Uncoupling Protein 2 as genetic risk factor for systemic lupus erythematosus: association with malondialdehyde levels and intima media thickness.

Background: Increased oxidative stress potentially leads to accelerated atherosclerosis and, consequently, cardiovascular diseases, the main cause of death in systemic lupus erythematous (SLE). To gain insight into these mechanisms, we studied the association of uncoupling protein (UCP) 2 genetic variants, gene involved in the mitochondrial production of reactive oxygen species, and oxidative stress with SLE and the presence of atherosclerosis.

Methods: Genetic analysis of the UCP2 -866G/A and UCP2 Ins/Del polymorphisms was performed in 45 SLE patients and 36 healthy controls by RFLP-PCR. Oxidation status was determined by measuring malondialdehyde (MDA) levels. Presence of subclinical atherosclerosis was investigated by evaluation of intima-media thickness using echo-color-Doppler carotid ultrasound examination.

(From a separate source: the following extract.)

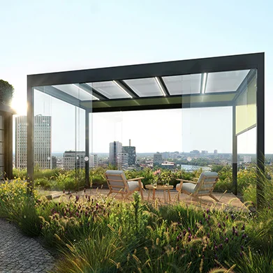 - Integration von Schiebeelementen aus Glas, Holz oder Aluminium als seitlicher Sicht- und Wetterschutz

Results: Allelic and genotypic frequencies of the SNPs analysed were evaluated by gene count. Significant association was found between UCP2-866A allele and susceptibility for SLE (P=0.001). Higher levels of MDA were found significantly increased in SLE patients (MDA, 5.05±3.36 µmol/L) compared to normal controls (MDA, 2.79±0.89 µmol/L) (P<0.0001).

Conclusions: Our results suggest that -866G/A UCP2 polymorphism is associated with SLE causing increased ROS production that, in turn, results in increased MDA levels responsible of accelerated atherosclerosis.